Der Beschlussantrag zu TOP 5 wurde auch mit der erforderlichen Mehrheit angenommen. Zwar haben die Mitglieder der Gesellschafterfamilie R. gegen den Beschlussantrag gestimmt. Jedoch hatte die Gesellschafterin P.R. nach § 47 Abs. 4 S. 2 GmbHG kein Stimmrecht gehabt. Nach dieser Vorschrift ist das Stimmrecht eines Gesellschafters nicht nur dann ausgeschlossen, wenn es sich um die Einleitung eines Rechtsstreits gegen den Gesellschafter geht, sondern auch schon, wenn es um die außergerichtliche Geltung und Klärung von Ansprüchen geht (vgl. Baumbach/Hueck § 47 GmbHG, Rn. 93). Dieser Stimmrechtsausschluss erstreckt sich damit auch auf Maßnahmen, die die Gesellschafterversammlung beschließt, um mögliche Pflichtverletzungen, die einen Gesellschafter betreffen, festzustellen und zu ermitteln. Vorliegend geht es darum, ob die Mitgesellschafterin P.R. auf Grund ihres Verhaltens bei den beiden Tochtergesellschaften in Slowenien und Tschechien ihre Pflichten verletzt hat. Auf Grund des Vortrags der Kläger ist dies zumindest nicht ausgeschlossen.

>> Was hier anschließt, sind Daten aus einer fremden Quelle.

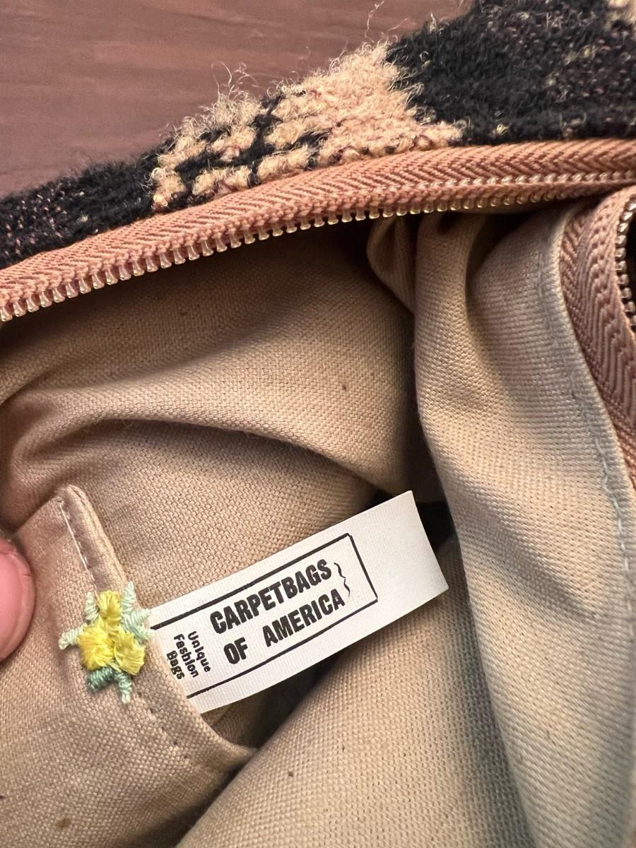 The interior is lined with a natural canvas fabric and includes the original “Carpetbags of America – Unique Fashion Bags” label.

3. Der Beschluss über die Durchführung einer Sonderprüfung bei der XY_ Tortechnik GmbH, H. (TOP 7) wurde wirksam gefasst, die Kläger haben daher keinen Anspruch auf Feststellung der Nichtigkeit dieses Beschlusses.
Der Mitgesellschafter C.S. war bei der Beschlussfassung ausgeschlossen.
Die Anordnung und Durchführung einer Sonderprüfung ist Ausdruck der Kontrollrechte der Gesellschafterversammlung, wie bereits ausgeführt.
Der Gesellschaftergeschäftsführer, dem Pflichtverletzungen zur Last gelegt werden, die im Rahmen der Sonderprüfung festgestellt werden sollten, ist nach § 47 Abs. 4 S. 2 GmbHG – wie bereits ausgeführt – von der Abstimmung ausgeschlossen.
Der Mitgesellschafter C.S. war Geschäftsführer der Tochtergesellschafter in H.. Er war somit von der Beschlussfassung ausgeschlossen und die dennoch abgegebene Stimme durfte bei der Feststellung des Beschlussergebnisses nicht mit gezählt werden.
Der Beschlussantrag unter TOP 7 wurde daher mit der erforderlichen Mehrheit angenommen.
4. Die Kostenentscheidung beruht auf § 92 ZPO; die Entscheidung über die vorläufige Vollstreckbarkeit auf § 709 ZPO.